British activist (1944–2023)

Jim Herrick (August 1944 – 20 June 2023) was a British humanist and secularist. He studied history and English literature at Trinity College, Cambridge University, and then worked as a school teacher for seven years. He wrote or edited several books on humanism and the history of freethought.

== Biography ==

Herrick was a trustee of the Rationalist Association and was editor of its journal New Humanist for 18 years from 1984. He subsequently became literary editor of New Humanist until his retirement in 2005. He was the recipient of the second International Rationalist Award by Rationalist International in 2002.

He was editor of International Humanist News, published by the International Humanist and Ethical Union (IHEU). In 1996 he received the Distinguished Humanist Service Award from the IHEU. He was a signatory to Humanist Manifesto III.

From January 1977 until 1981, Herrick edited The Freethinker. He later wrote that publication's centenary history. He was a founder member of the Gay and Lesbian Humanist Association.
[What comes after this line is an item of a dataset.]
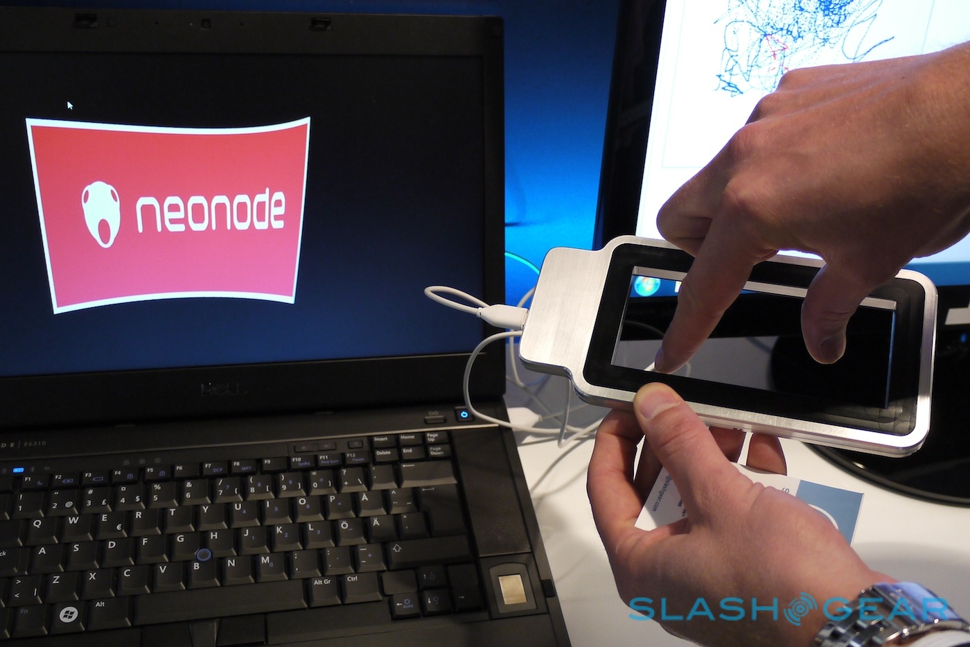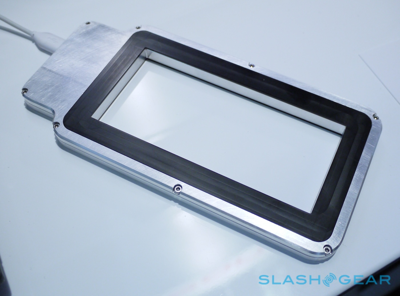 Neonode says its optical touch sensors are cheaper to implement than even resistive traditional touchscreens, at less than a dollar apiece, and even the new frame version should be a similar price. It's also artificially thick in this demo implementation: the final design could be as little as 2mm thick. In short, imagine an open section on the side of a tablet, or a pull-out frame that could lift up from a slate screen or out from the keyboard, allowing you to in effect reach into the display.

Herrick stepped down as a vice-president of the National Secular Society at the 2007 AGM but remained on the Council of Management until stepping down at the 2009 AGM.

==Publications==
- Aspiring to the Truth: Two Hundred Years of the South Place Ethical Society. (2016). With an introduction by Nicolas Walter. Published by CreateSpace Independent Publishing Platform. ISBN 1-5329793-7-1.
- Humanism: An Introduction. (2003). ISBN 0-301-00301-7. (Also published by Prometheus Books, 2005. ISBN 1-59102-239-8)
- Humanist Anthology: From Confucius to David Attenborough. (1995). London, Rationalist Press Association. Edited by Margaret Knight; 2nd edition, revised by Jim Herrick. ISBN 0-301-94001-0
- Against the Faith: Some Deists, Skeptics and Atheists. (1985). London: Glover & Blair. ISBN 0-906681-09-X (Also published by Prometheus Books, 1994. ISBN 0-87975-288-2).
- Vision and Realism: A Hundred Years of The Freethinker. (1982). London: GW Foote & Co. ISBN 0-9508243-0-5
- Selected articles for New Humanist on the newhumanist.org.uk website.